僕の頬に顔を目いっぱい寄せて、田中はポン引きの兄ちゃんの口調で楽しそうに言った。

「そうそう。なんかさ、鎖骨の辺とか干からびててさ、萎れてるって感じすんの。ブラジャーしててくれて本当に良かったよ」

「あんなもの無理やり見せつけられてさ、そんでもって、急に上目づかいになって、しなだれかかって来られてみー」

「ギャハハハ」

鈴木が突然、切れたように笑い出した。

「判子押しちゃうって、フツー。十秒だよ。十秒。それ以上は耐えられねえよ。鈴木は何秒もったわけ?」

「俺?おれは一分は耐えたと思うよ。でもさ、一分が限界だよな。抱きつかれっちゃったりしたら死んでたよ、俺」

「まだオカマの方がいいよな」

本当に全員がそんな目に遭っているかどうかはわからないけれど、経験した者たちによって語り継がれ、社内では口さけ女のように伝説となっている。

 そんな干からびたスケスケも、僕のところには勧誘にはやって来るが、迫ってはこない。健康診断でダメ出しされるから、と僕が言うと「大丈夫よ。うまいことやってくれる医者を紹介するから」といつも言うのだけれど、その先に話を進める気はスケスケにはないみたいだった。

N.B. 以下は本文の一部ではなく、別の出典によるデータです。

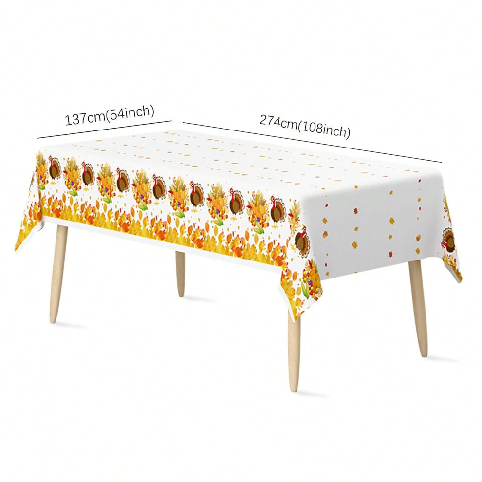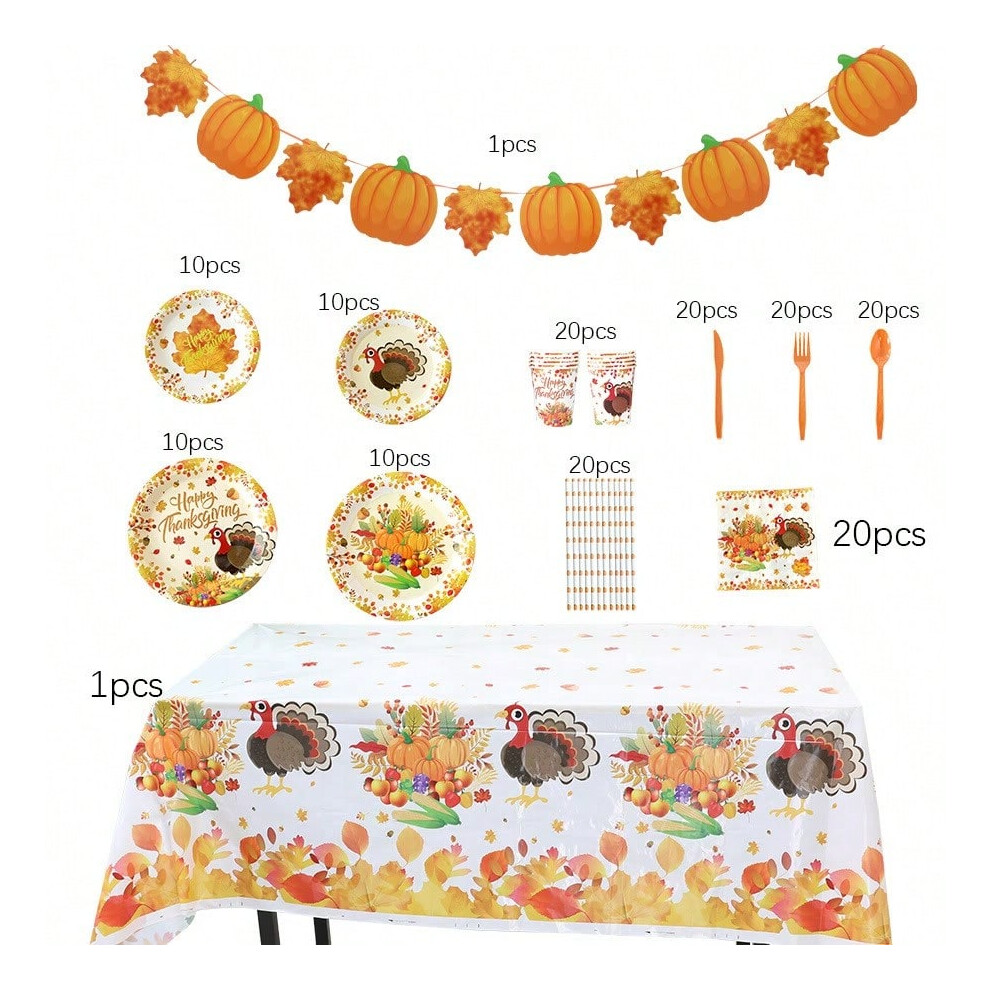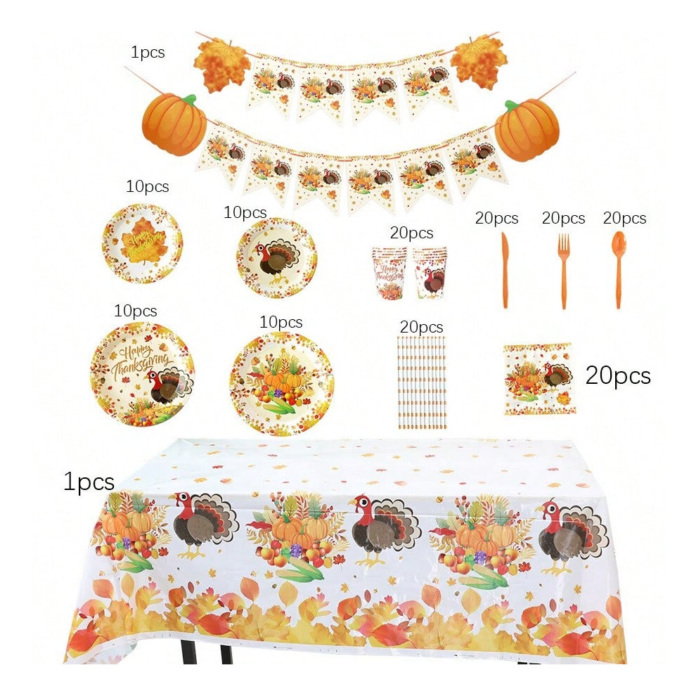 (Thanksgiving tablecloth 1PCS) Thanksgiving themed flag decoration disposable turkey pumpkin party tableware set maple leaf paper plate paper towel

 僕たちに生命保険は無理だ。ひょっとすると、とろけるようなドラマが僕たちを待っているかもしれない。そう思うと、僕の体の一部がピクリと動いたが、ごはん茶碗を左手に持ったまま、口を半開きにしてテレビに熱中している兄を見て、僕たちには関係ないか、と思い直した。ただ、このマンションに住む女性と交流ができたことが、僕は嬉しかった。